ENGG5301 Information Theory 2025 Midterm Exam P3：Causal Encoding

考试时 (1) 问就想偏了，考后看到 GPT-5 的答案很气，不等式想不到直接 (1)(2)(3) 连跪，搞的 (4)(5) 问也没做。

从初中就开始烂完的不等式水平又发力了，但这课确实没啥心思去刷教材/习题，符合预期。

好的，根据您的要求，我将把第 3 题的内容转换为英文 Markdown 格式。

3. (19 pts) Causal Encoding

Consider an i.i.d. sequence \(X_1,...,X_n\) (\(n\ge2\)) where each \(X_i\) follows a common distribution \(p_X\) over a finite set \(\mathcal{X}\). An encoder encodes it into a sequence \(M_1,...,M_n\) (not necessarily i.i.d., \(M_i\) can take values over any finite set \(\mathcal{M}\)), by looking at \(X_1,...,X_n\) and producing \(M_1,...,M_n\) one by one.

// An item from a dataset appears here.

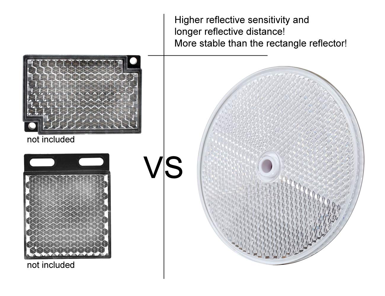 - BIG SIZE OF REFLECTOR for easy alignment and longer detecting distance than the rectangle reflector photoelectric sensor.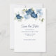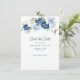 Casamento elegante de buquê floral azul empoeirado, branco e marinho floral, salve o cartão de data. O cartão apresenta um script "Salvar a Data", que pode ser alterado para um tipo de fonte de sua escolha, disponível aqui quando você clica no botão "Personalizar".

We say that \(M_1,...,M_n\) is a causal encoding of \(X_1,...,X_n\) if these two conditions are satisfied:
i) \(M_i\) is a function of \((X_1,...,X_i)\) for each \(i=1,...,n\) (i.e., the encoder does not look into the future when outputting \(M_i)\), and
ii) \(X_i\) is a function of \((M_1,...,M_i)\) for each \(i=1,...,n\) (i.e., a decoder can recover \(X_i\) using \(M_1,...,M_i\) without looking into the future).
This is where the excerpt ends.